I am in no way minimizing the critical role of healthcare providers. I have the utmost respect for this profession. I am trying to draw a correlation between viewing other businesses as a system, and viewing a hospital as a system.
Doctors also have the burden of dealing with external influences (sociotechnical factors) that impact their desire to diagnose properly the first time (i.e. – insurance companies and regulators). We as laymen, may simply see a ‘diagnosis’ as a one time action, however, the reality is that a diagnosis is an evolving process.
Insurance companies often force an initial diagnosis to be entered into an EHR system (Electronic Health Record) via a code, in order for the physician/hospital to be reimbursed accordingly. The reality is the final diagnosis does not always match the original and/or working diagnosis, because additional testing/information has come to light and proven the diagnosis to be something different. However, the initial diagnosis is sometimes not removed from the EHR system and ends up following that patient for the rest of their lives.
Many of the manufacturing businesses that I have dealt with over the past 30+ years make ‘things’. They make oil, paper, beer, steel, power, etc. I have worked with service companies whose end product is customer satisfaction (i.e. – package delivery, banking, telecommunications, etc.). Every business produces a deliverable to their customer of some type.
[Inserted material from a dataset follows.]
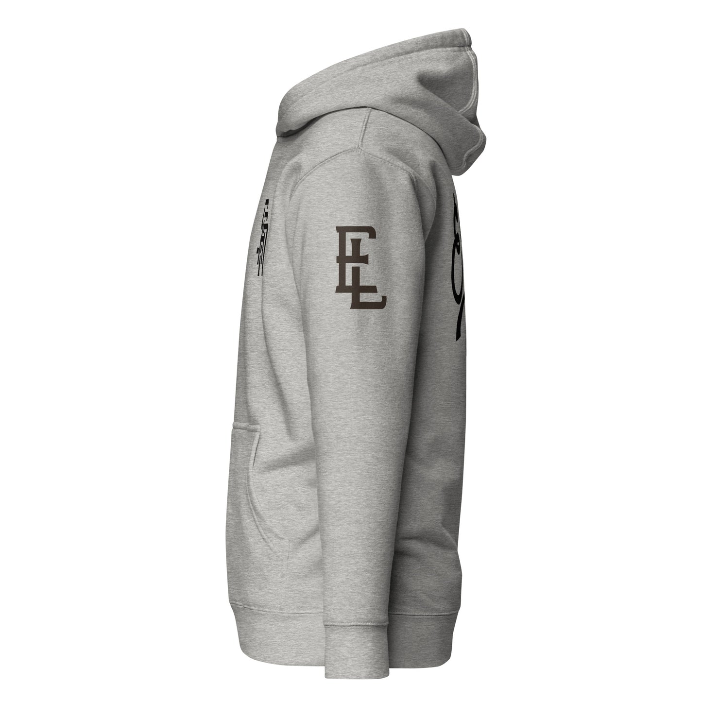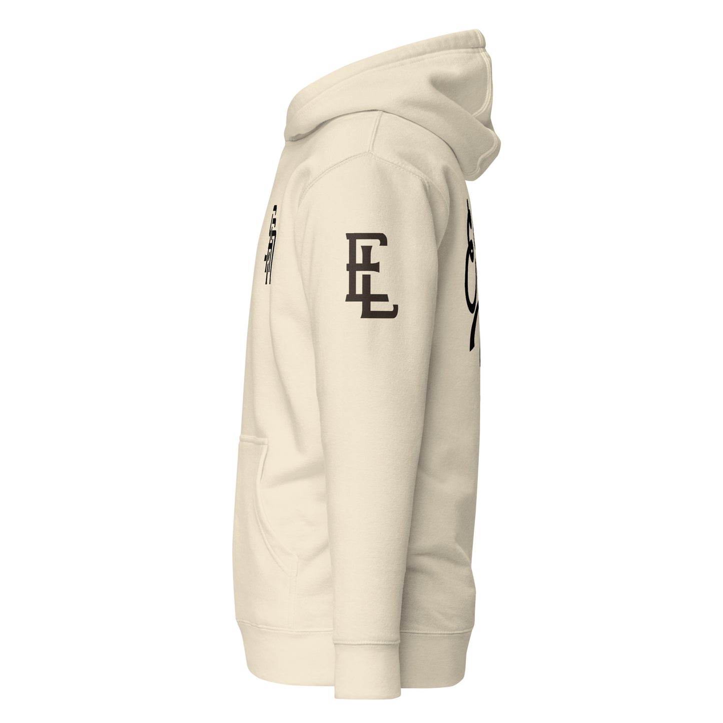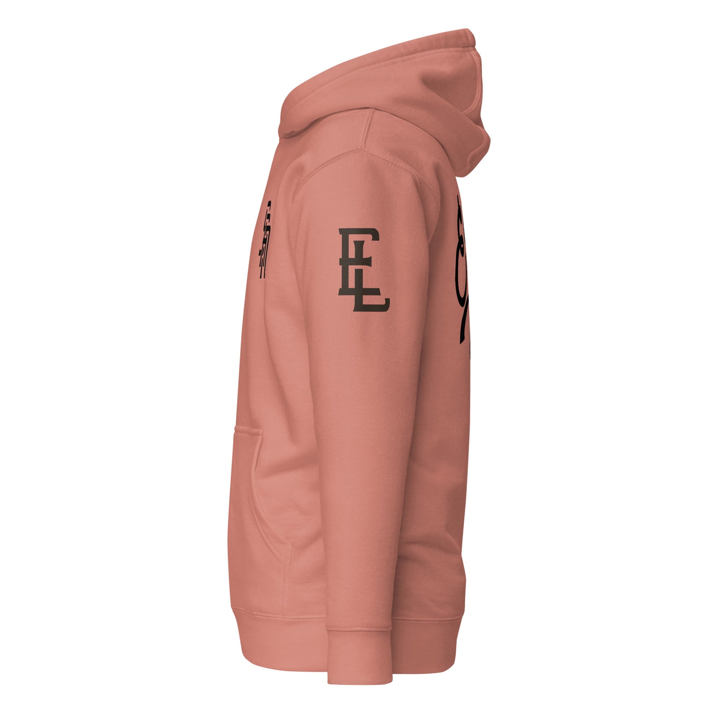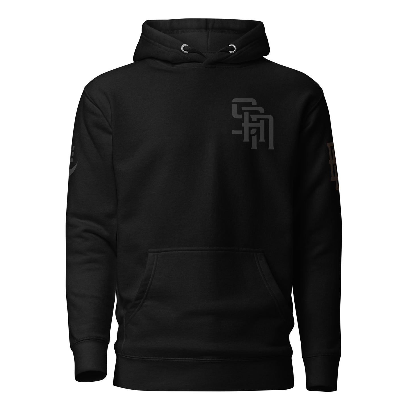 "SAN" 2.0 Unisex Premium Hoodie | E Luna Brand EXCLUSIVE | 4 Black Logos: Front Left, Left/Right Sleeves & Back Signature

The product of a hospital (to me) is quality of life!! It is much more important than the widget industries I deal with most of the time. These industries have proven that true Reliability concepts (including the role of human factors/human performance sciences in the decision-making/reasoning practice via Root Cause Analysis) are extremely profitable while making people safer. Given that, why does healthcare lag manufacturing in this area? Why don’t they lead in this area considering their ‘product’ is the most important?
We all have a vested interest in our healthcare system as we will all use it at some point in our lives. This is why I believe that learning and sharing such best practices is in everyone’s best interest.
I think the core of all undesirable outcomes is understanding why well-intentioned decision-makers, make poor decisions, at the time they make them. If we focus our efforts on this reasoning process, we will uncover our deficient management/organizational systems (i.e. – policies, procedures, practices, management oversight, human factors/human performance systems, training systems, purchasing systems, etc.) that are helping to trigger the bad decisions.
Simply blaming the decision-maker and disciplining them is a recipe for the recurrence of the decision by someone else, using the same deficient systems and reasoning.
At some point leadership will have to look in the mirror and consider that they may be part of the problem?
From a Reliability perspective the fewer surprises (unexpected interruptions to Reliability of operations), the more productive and safe the system will be for all involved. This makes everyone happy (finance, stakeholders, employees/patients, community & shareholders!)